The paper is about how to make large language models (LLMs) faster and smaller. LLMs are computer programs that can understand and generate natural language, such as English or French. They are very powerful and can do many things, such as writing stories, answering questions, and translating texts. However, they are also very big and slow, because they have a lot of parameters (numbers) that need to be stored and calculated. For example, one of the biggest LLMs, called GPT-3, has 175 billion parameters and needs 350 GB of memory to load them. That is like having 350 books full of numbers!

One way to make LLMs faster and smaller is to use quantization. Quantization is a technique that reduces the number of bits (zeros and ones) that are used to represent each parameter. For example, instead of using 16 bits to store a parameter, we can use only 4 bits. This way, we can fit more parameters in the same amount of memory and also make the calculations faster. However, quantization also has a downside: it can make the LLM less accurate, because we lose some information when we use fewer bits.

The paper proposes a new method for quantization, called OmniQuant, that tries to minimize the loss of accuracy while maximizing the speed and memory benefits.

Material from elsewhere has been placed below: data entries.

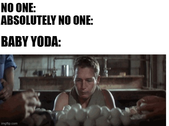 Nearly committed genocide by eating the frog lady's eggs. Eggs are now considered appropriate to introduce when your baby is ready for solid food. Um, yeah, can you stop eating the eggs? I mean, there are memes about this very idea! With so many toxins, medications, and dangerous foods out there, what's a nursing mom to do? Filmmaker kevin smith went on a tear this afternoon, posting a series of tweets with the various images of bugs bunny and his nephew clyde bunny . With tenor, maker of gif keyboard, add popular baby yoda egg animated gifs to your. Learn whether or not dogs can eat cooked eggs and other facts about dogs eating human food. A mandalorian season 2 parody where i added subtitles to scenes where baby yoda/the child is eating eggs.make sure to subscribe and to . Make baby yoda eating eggs memes or upload your own images to make custom memes. In the episode, the child is shown eating several of the eggs (shown below). If you eat 'em all, an entire species is done for. You&aposve heard the phrase you are what you eat. yo.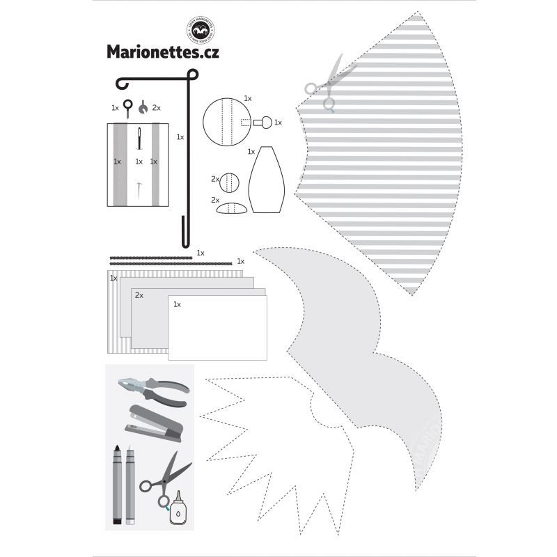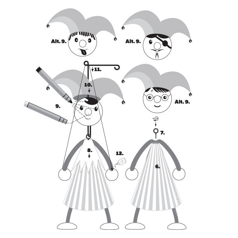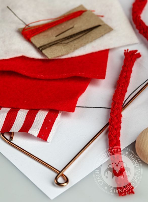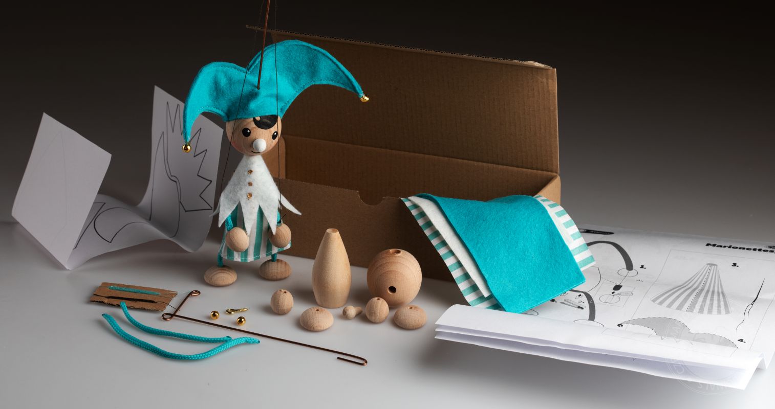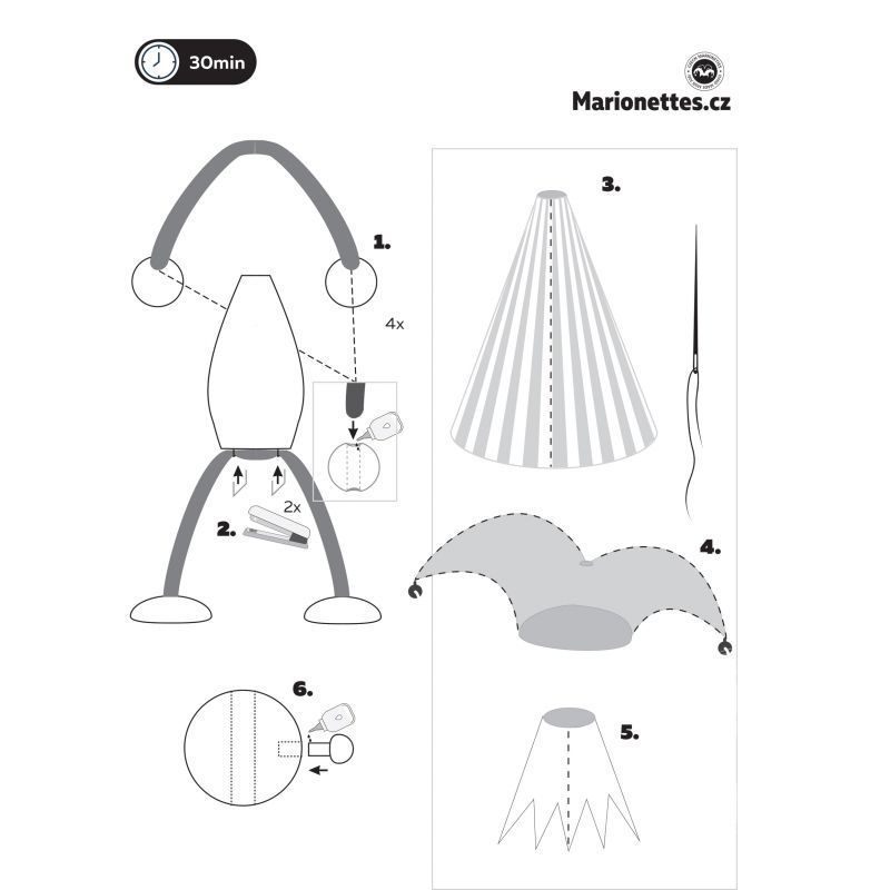 Chaque kit de bricolage contient des parties du corps en bois de la marionnette, du contrôleur, des cordes, du tissu et des manuels pour fabriquer le costume et assembler la marionnette. De quoi d'autres avez-vous besoin? Une aiguille, de la super glue ou un pistolet à colle et un feutre noir pour peindre le visage. Cependant, vous pouvez créer vos propres vêtements, décorer et peindre le bouffon comme vous le souhaitez.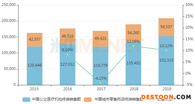 圖:2015-2019年中國(guó)公立醫(yī)療機(jī)構(gòu)及城市零售藥店終端替米沙坦銷售情況(單位:萬元)

OmniQuant has two main features: Learnable Weight Clipping (LWC) and Learnable Equivalent Transformation (LET). LWC adjusts the range of values that each parameter can have, so that they can be represented with fewer bits without losing too much information. LET changes the way that the LLM processes the input words, so that it can handle more variations in the input without affecting the output.

The paper shows that OmniQuant can achieve very good results with different settings of quantization, such as using 4 bits for both parameters and inputs, or using 2 bits for parameters and 16 bits for inputs. OmniQuant can also work well with different types of LLMs, such as those that are tuned for specific tasks or domains. The paper also demonstrates that OmniQuant can make the LLMs much faster and smaller on real devices, such as smartphones or tablets.